I was personally rooting for Armando last night because I photographed him in 2005 in Class A Carolina League ball. One of my photos from this series (above) was on his baseball card that year.
I was proud of him when all he did was smile a pained grin when he saw the call. I have to admit I was not so controlled.
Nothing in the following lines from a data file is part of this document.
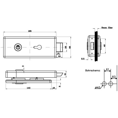 Glastür-Schlosskasten 6083 PZ - Genova, PZ gelocht, Oberfl. F1 (silberfarben eloxiert)
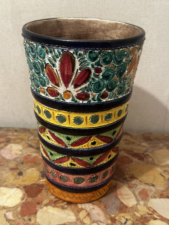 Vintage vaas met gebeitelde en beschilderde decoratie - Devres aardewerk
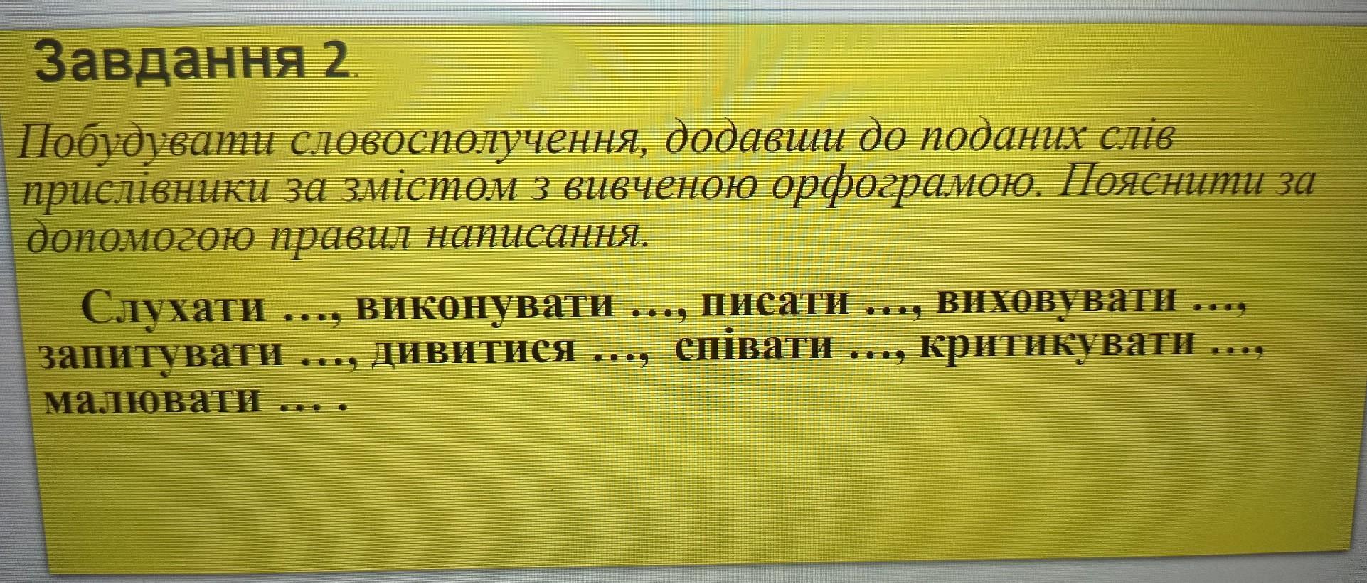 Слухати уважно, виконувати швидко, писати ретельно, виховувати дбайливо, запитувати обачливо, дивитися уважно, співати гучно, критикувати об'єктивно, малювати творчо.
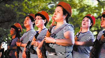 2014-07-27 10:58:38近日,一组“北京大妈街头持枪跳舞‘打鬼子’”的照片在全国范围内被大量转发,这一消息被网友们评价为将广场舞跳到了“极致”,并引来了种种争议,点赞和批评的两拨儿人马甚至在网上吵了起来。但作为当事人的表演团队对此却毫不知情。团队成员都是老年人,不怎么上网,他们被告知自己编排的舞蹈在网上广受好评。[详细]
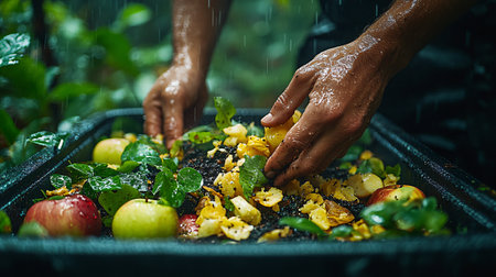 Person Composting Food Waste in a Rainy Forest Featuring Apples and Vegetables for Sustainable Gardening
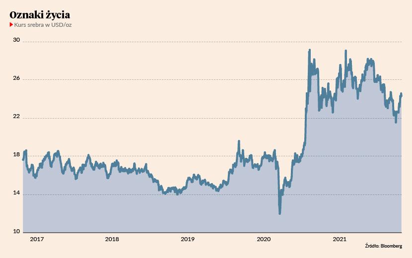 Można zaryzykować tezę, że już w pierwszej fazie postcovidowego boomu oba metale zdyskontowały tegoroczną inflacyjną falę. Zatem o ile rosnące ceny surowców są przejawem bieżącej inflacji, to zmiany cen złota i srebra są miernikiem oczekiwanej przyszłej inflacji. Jeśli to założenie jest poprawne, to w tym roku w cenach kruszców zostało uwzględnione przyszłoroczne zacieśnienie polityki monetarnej Rezerwy Federalnej oraz wyhamowanie inflacji i być może jakaś surowcowa korekta, albo nawet bessa. W takim ujęciu rynek myśli teraz już o roku 2023 i kolejnej fali monetarnej stymulacji. Lecz tym razem sygnał do nowej hossy może dać nie złoto, ale srebro.
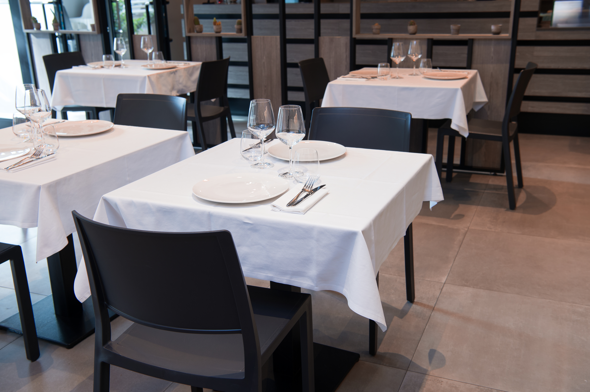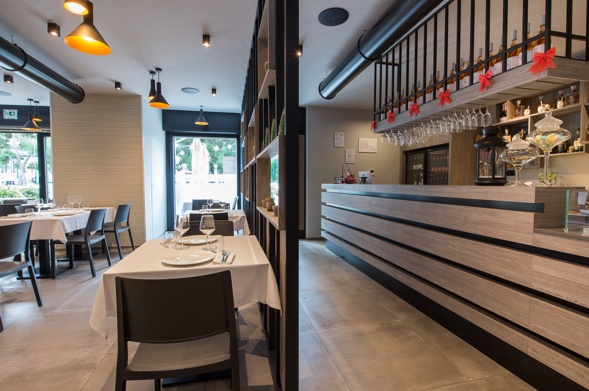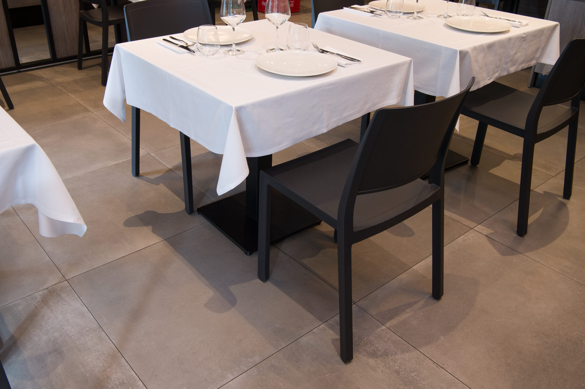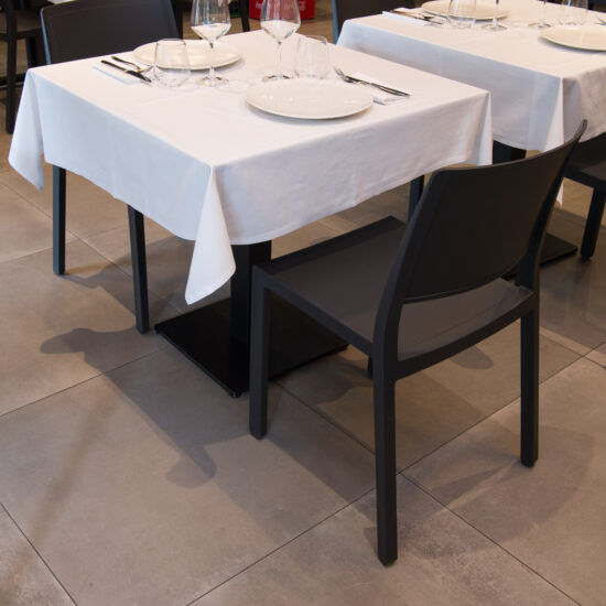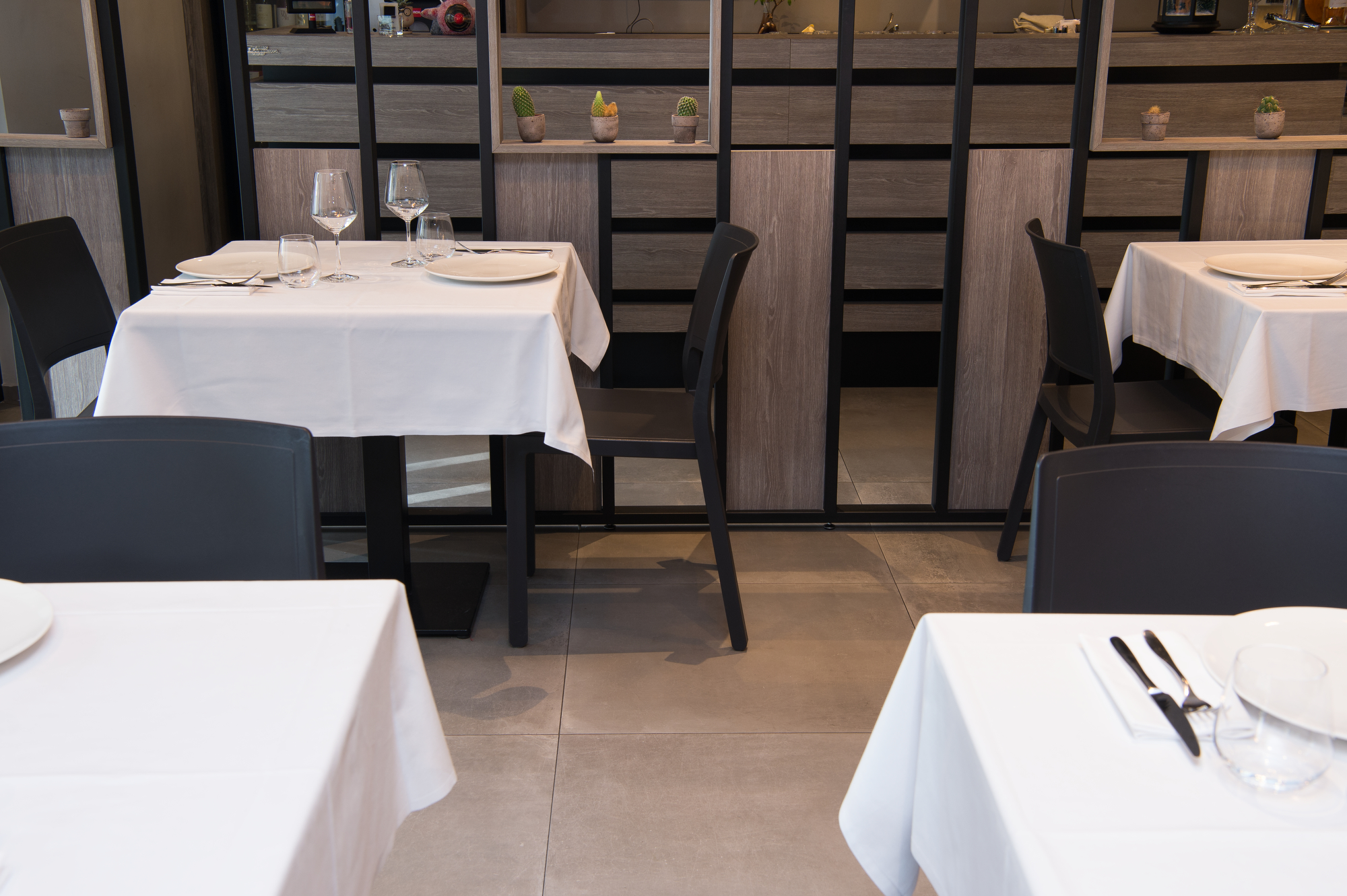 The Osteria’s doors open onto a large area with a flooring in the 75×75 cm slabs of the Patina collection in the Cognac variant which, in the Ragno catalogue, illustrate the outcome of the company’s meticulous research into the meaning of “origins” and a mix of different material impressions: metal, resin and terracotta.

Infielder Luke Murton (34) of the Charleston RiverDogs hits balls off a tee during batting practice prior to a game against the Greenville Drive on May 27, 2010, at Fluor Field at the West End in Greenville, S.C. Photo by: Tom Priddy/MiLB.com
Last week when I quietly walked over to the batting net where Luke Murton was hitting balls off a tee before a game, I was hoping I could fade into the background and not be noticed.
I almost never ask players to pose for a photo, so sometimes when I catch them by surprise they change what they’re doing and turn away. Murton, was intent, however, and never looked up.
I was just editing these photos when I found out that yesterday he was named the South Atlantic League offensive player of the week, leading the league in doubles and hitting a cool .500 for the week.
Here’s what Josh Jackson of MLB has to say about him: “Yankees ’09 draftee Luke Murton leads the league in doubles after rocketing five two-baggers this week, two of which came in Monday’s 3-for-3 performance. He hit safely in each of the six games he played in, totaling three hits to open a weekend series in Kannapolis on Saturday. In Sunday’s doubleheader, he continued to punish the Intimidators, going 3-for-7 with a homer, a double and two runs scored over the course of the day.”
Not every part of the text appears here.